I will appreciate it!
Thanks for your help!

> 
> - Mark
> 
> Jay Yu wrote:
>> Mark,
>>
>> Thanks for sharing your valuable exp. and thoughts.
>> Frankly our system already has most of the functionalities 
>> LuceneIndexAcessor offers. The only thing I am looking for is to sync 
>> the searchers' close. That's why I am little worried about the way 
>> accessor handles the searcher sync.
>> I will probably give it a try to see how it performs in our system.
>>
>> Thanks!
>>
>> Jay
>>
>> Mark Miller wrote:
>>> The method is synched, but this is because each thread *does* share 
>>> the same Searcher. To maintain a cache of searchers across multiple 
>>> threads, you've got to sync -- to reference count, you've got to 
>>> sync. The performance hit of LuceneIndexAcessor is pretty minimal for 
>>> its functionality, and frankly, for the functionality you want, you 
>>> have to pay a cost. Thats not even the end of it really...your going 
>>> to need to maintain a cache of Accessor objects for each index as 
>>> well...and if you dont know all the indexes at startup time, access 
>>> to this will also need to be synched. I wouldn't worry though -- 
>>> searches are still lightening fast...that won't be the bottleneck. 

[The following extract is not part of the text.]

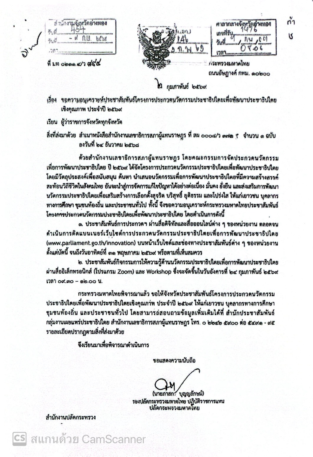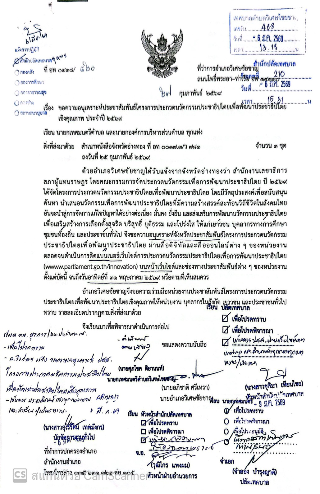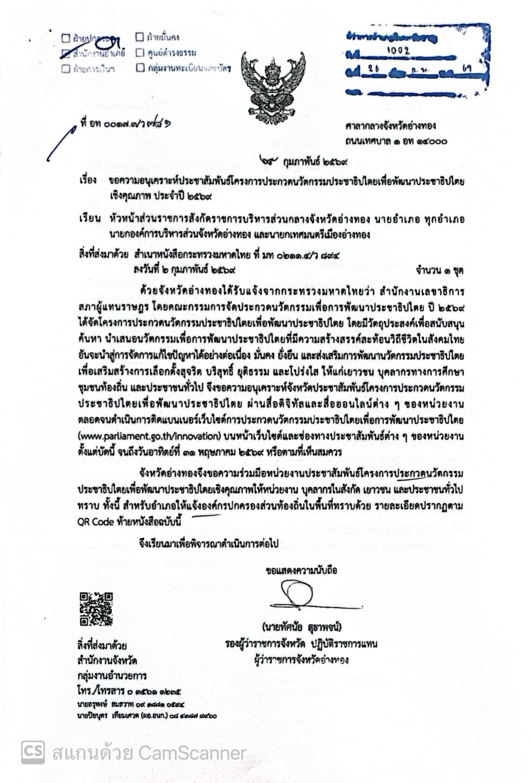 ขอความอนุเคราะห์ประชาสัมพันธ์โครงการประกวดวัตกรรมประชาธิปไตยเพื่อพัฒนาประชาธิปไตยเชิงคุณภาพ ประจำปี 2569 – ทต.วิเศษไชยชาญ จ.อ่างทอง …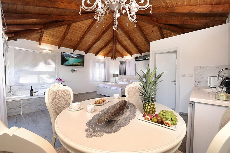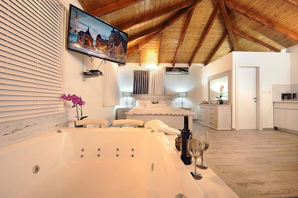 <p>חלל סוויטה גדול מואר ומרווח- ג'קוזי פרטי זוגי- בסוויטות רומנטיות -סוויטת אדל</p>

>>> I'll work on getting you some code, but if your worried, try some 
>>> benchmarking on the original code.
>>>
>>> Also, to be clear, I don't have the code in front of me, but getting 
>>> a Searcher does not require waiting for a Writer to be released. 
>>> Searchers are cached and resused (and instantly available) until a 
>>> Writer is released. When this happens, the release Writer method 
>>> waits for all the Searchers to return (happens pretty quick as 
>>> searches are pretty quick), the Searcher cache is cleared, and then 
>>> subsequent calls to getSearcher create new Searchers that can see 
>>> what the Writer added.
>>>
>>> The key is use your Writer/Searcher/Reader quickly and then release 
>>> it (unless your bulk loading). I've had such a system with 5+ million 
>>> docs on a standard machine and searches where still well below a 
>>> second after the first Searcher is cached (and even the first search 
>>> is darn quick). And that includes a lot of extra crap I am doing.
>>>
>>> - Mark
>>>
>>> Jay Yu wrote:
>>>> Mark,
>>>>
>>>> After reading the implementation of LuceneIndexAccessor.getSearcher(),
>>>> I realized that the method is synchronized and wait for 
>>>> writingDirector to be released. That means if we getSearcher for 
>>>> each query in each thread, there might be a contention and 
>>>> performance hit. In fact, even the method of release(searcher) is 
>>>> costly. On the other hand, if multiple threads share share one 
>>>> searcher then it'd defeat the
>>>> purpose of using LuceneIndexAccessor.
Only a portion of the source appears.